Scaling: Accuracy plateaus beyond 7B models; tool count >200 drastically hurts lexical methods.
Robustness: Semantic paraphrases cost ≤2% for embedding methods but ≥7% for keyword baseline.
Cross-dataset: Training on SAGE-Bench transfers, improving ACE-Bench top-5 by +4.5% vs prior SOTA.
Training comparison: LoRA/QLoRA retain 97% of full SFT accuracy with 38% compute savings; FireAct helps planning but hurts timing; AgentTuning boosts overall benchmark score by +2.8%.

8. Figures & Tables Checklist¶

Mandate at least these assets:

Fig 1 Timing comparison (bar + latency inset).
Fig 2 Planning success & plan length.
Fig 3 Tool selection Top-5 accuracy vs tool count.
Fig 4 Error cascade Sankey / stacked bars.
Fig 5 Scaling curves (tool count & LLM size).
Fig 6 Robustness heatmap (semantic × reliability).
Fig 7 Ablation radar chart.
Fig 8 Cross-dataset transfer plot.
Table 1 Benchmark summary + statistics.
Table 2 RQ1 metrics.
Table 3 RQ2 metrics.
Table 4 RQ3 metrics.
Table 5 Robustness / scaling results.
Table 6 Training method comparison (Section 5.5).

9. Discussion Prompts¶

Provide bullet prompts for the discussion section:

Benchmark takeaways: where agents still fail despite large models.
Trade-offs between timing conservatism vs latency budgets.
Limitations: curated dataset bias, reliance on Qwen family, remaining gap to closed-source LLMs.
Ethical considerations: evaluating real tools safely, logging policies, aligning agent autonomy with compliance.
Future work: integrate SIAS (Paper 2) improvements, expand to multi-modal instructions, introduce human-in-the-loop verification.

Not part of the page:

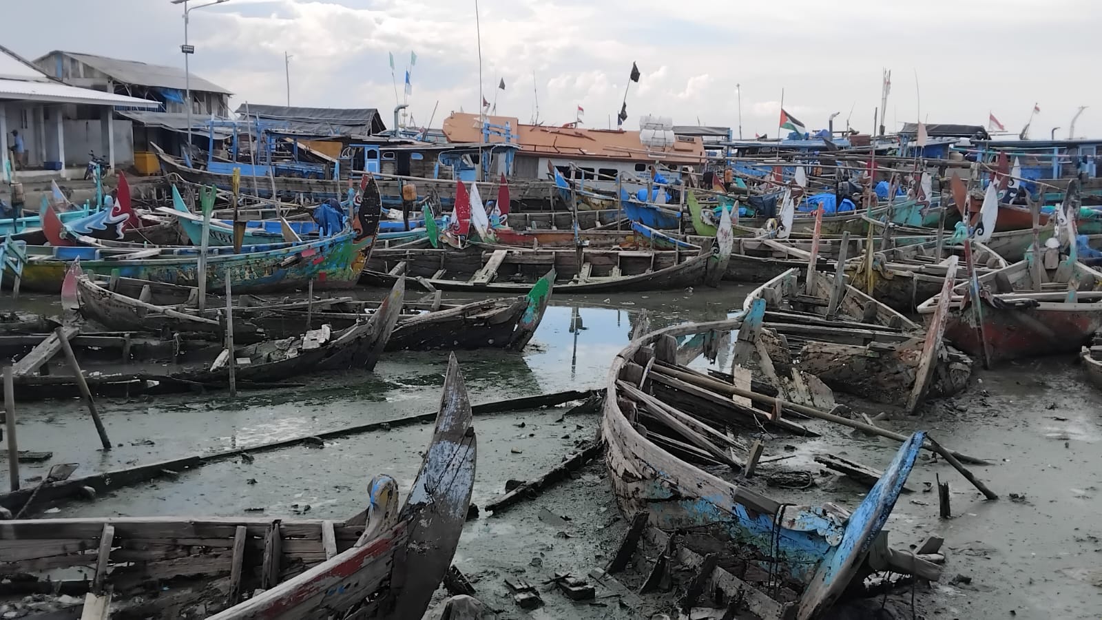 Pantauan di lapangan menunjukkan sejumlah perahu tak lagi digunakan dibiarkan menumpuk di area docking. Saat air laut surut, bangkai-bangkai tersebut tampak berserakan, menghalangi jalur perahu aktif yang hendak bersandar.

10. Appendix Requirements¶

Full dataset curation pipeline, annotation UI screenshots.
Additional per-dataset breakdown tables (ACE, ToolBench, API-Bank, BFCL).
Extended error taxonomies + qualitative failure cases.
Reproducibility checklist (seeds, versions, CLI commands, hardware cost analysis).
License + release plan for SAGE-Bench artifacts.

Output format reminder: Provide main.tex, references.bib, README.md, and figure/table placeholders. All citations in LaTeX must match BibTeX keys; ensure \icmltitlerunning{SAGE-Bench} is set.